** MATERIAL TO PROCESS **
========================================
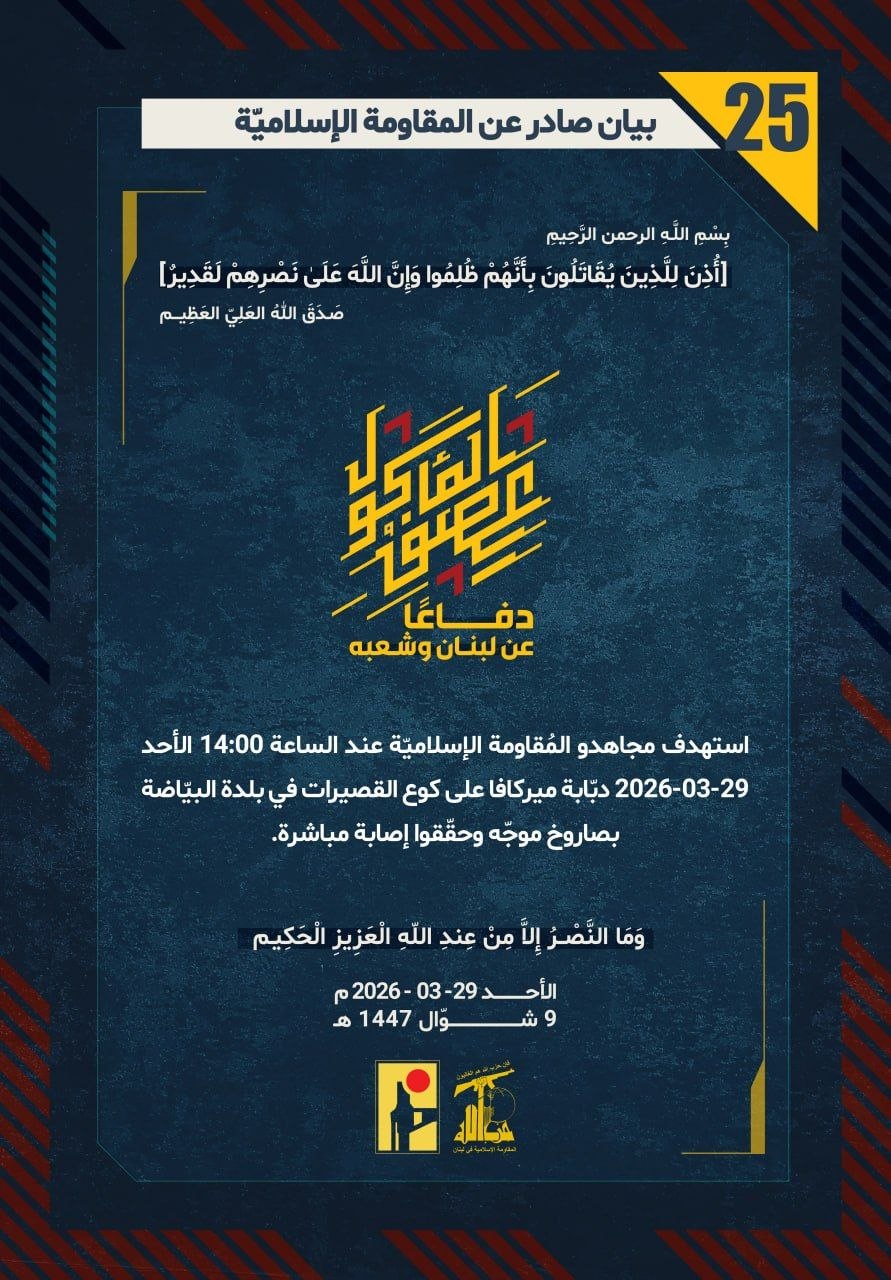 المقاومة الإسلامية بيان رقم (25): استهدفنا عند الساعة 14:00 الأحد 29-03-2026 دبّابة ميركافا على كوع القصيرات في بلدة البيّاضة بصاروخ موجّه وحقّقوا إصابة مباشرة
========================================
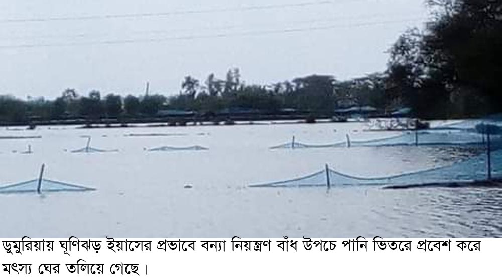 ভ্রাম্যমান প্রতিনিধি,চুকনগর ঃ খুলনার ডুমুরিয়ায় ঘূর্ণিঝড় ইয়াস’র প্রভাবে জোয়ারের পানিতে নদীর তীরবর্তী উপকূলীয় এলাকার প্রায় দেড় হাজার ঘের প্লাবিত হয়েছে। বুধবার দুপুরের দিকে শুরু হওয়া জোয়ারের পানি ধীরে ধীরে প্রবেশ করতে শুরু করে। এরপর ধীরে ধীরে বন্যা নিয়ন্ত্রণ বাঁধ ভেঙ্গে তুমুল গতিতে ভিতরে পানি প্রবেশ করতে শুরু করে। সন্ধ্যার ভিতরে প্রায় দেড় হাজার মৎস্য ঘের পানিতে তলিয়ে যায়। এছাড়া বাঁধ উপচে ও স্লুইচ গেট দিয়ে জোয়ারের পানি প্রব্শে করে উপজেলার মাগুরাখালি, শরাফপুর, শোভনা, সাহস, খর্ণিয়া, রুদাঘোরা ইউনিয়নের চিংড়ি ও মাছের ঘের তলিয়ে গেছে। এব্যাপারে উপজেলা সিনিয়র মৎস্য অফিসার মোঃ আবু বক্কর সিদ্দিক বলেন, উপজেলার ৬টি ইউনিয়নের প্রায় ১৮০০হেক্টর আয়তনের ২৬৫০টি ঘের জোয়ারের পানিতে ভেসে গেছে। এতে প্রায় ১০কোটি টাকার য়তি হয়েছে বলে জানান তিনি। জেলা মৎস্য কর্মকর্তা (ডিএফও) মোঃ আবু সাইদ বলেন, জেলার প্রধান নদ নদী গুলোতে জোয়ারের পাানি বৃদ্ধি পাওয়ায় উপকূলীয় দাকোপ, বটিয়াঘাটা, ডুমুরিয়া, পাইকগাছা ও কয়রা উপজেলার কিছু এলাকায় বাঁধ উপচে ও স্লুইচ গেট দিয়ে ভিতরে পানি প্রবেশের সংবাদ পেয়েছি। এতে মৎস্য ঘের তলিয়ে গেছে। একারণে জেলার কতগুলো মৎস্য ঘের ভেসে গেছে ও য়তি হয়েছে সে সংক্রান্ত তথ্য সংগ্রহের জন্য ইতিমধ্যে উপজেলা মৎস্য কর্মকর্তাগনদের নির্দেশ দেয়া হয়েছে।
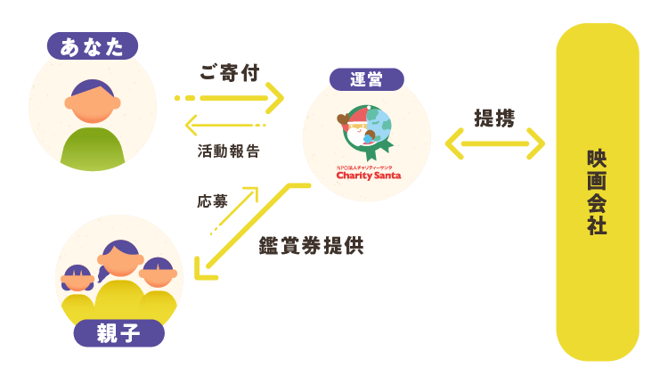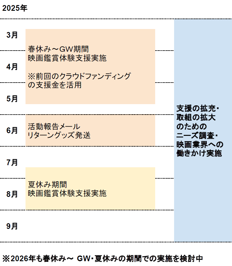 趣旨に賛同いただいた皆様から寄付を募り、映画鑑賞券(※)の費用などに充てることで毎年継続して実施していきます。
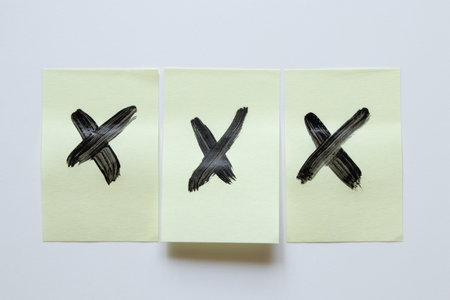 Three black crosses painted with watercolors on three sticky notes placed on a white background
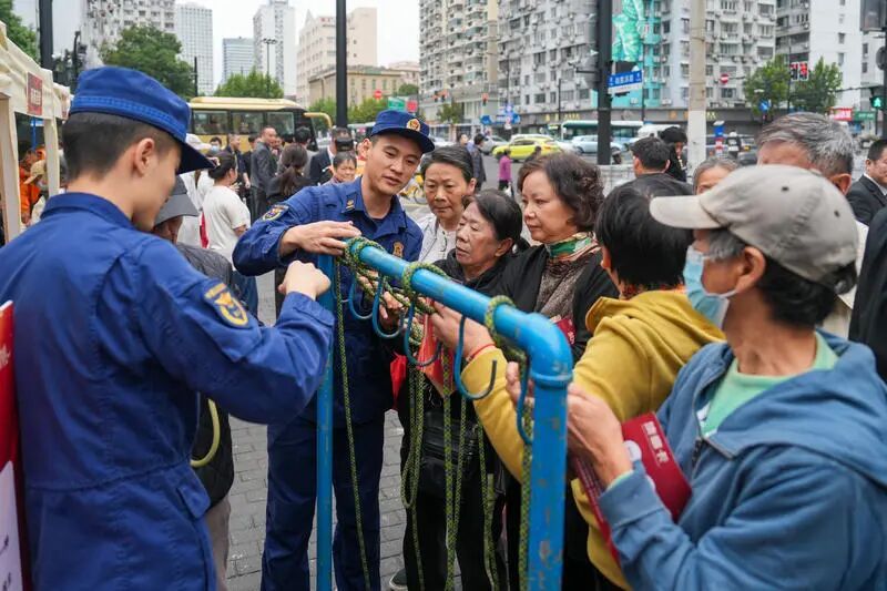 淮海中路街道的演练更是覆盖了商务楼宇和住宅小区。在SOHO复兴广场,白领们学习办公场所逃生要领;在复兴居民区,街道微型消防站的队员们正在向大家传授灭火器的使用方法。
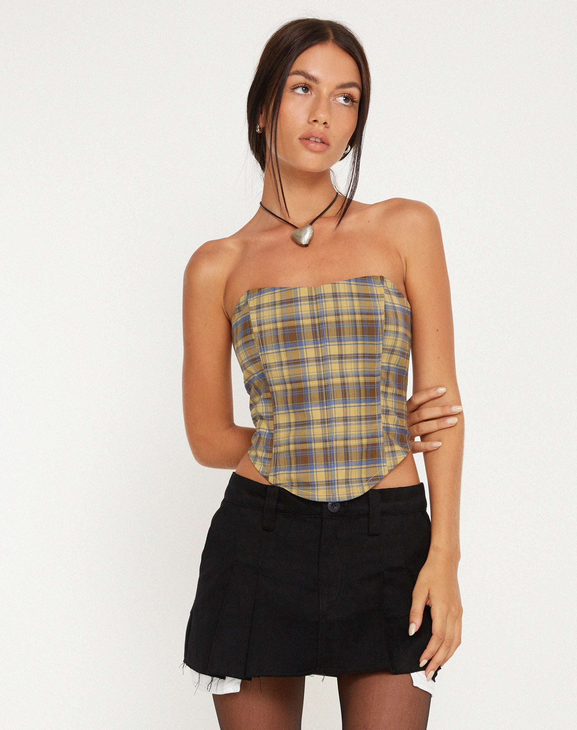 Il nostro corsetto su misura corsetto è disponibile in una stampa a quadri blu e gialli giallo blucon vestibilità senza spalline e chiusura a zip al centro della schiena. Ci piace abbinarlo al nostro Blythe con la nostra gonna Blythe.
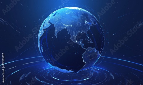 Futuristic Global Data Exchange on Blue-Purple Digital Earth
========================================
In the listing above, find the line containing "趣旨に賛同いただいた皆様から" and the line containing "Futuristic Global Data". Reproduce those lines and all between them exactly, with no pictures and nothing more.

 趣旨に賛同いただいた皆様から寄付を募り、映画鑑賞券(※)の費用などに充てることで毎年継続して実施していきます。
 Three black crosses painted with watercolors on three sticky notes placed on a white background
 淮海中路街道的演练更是覆盖了商务楼宇和住宅小区。在SOHO复兴广场,白领们学习办公场所逃生要领;在复兴居民区,街道微型消防站的队员们正在向大家传授灭火器的使用方法。
 Il nostro corsetto su misura corsetto è disponibile in una stampa a quadri blu e gialli giallo blucon vestibilità senza spalline e chiusura a zip al centro della schiena. Ci piace abbinarlo al nostro Blythe con la nostra gonna Blythe.
 Futuristic Global Data Exchange on Blue-Purple Digital Earth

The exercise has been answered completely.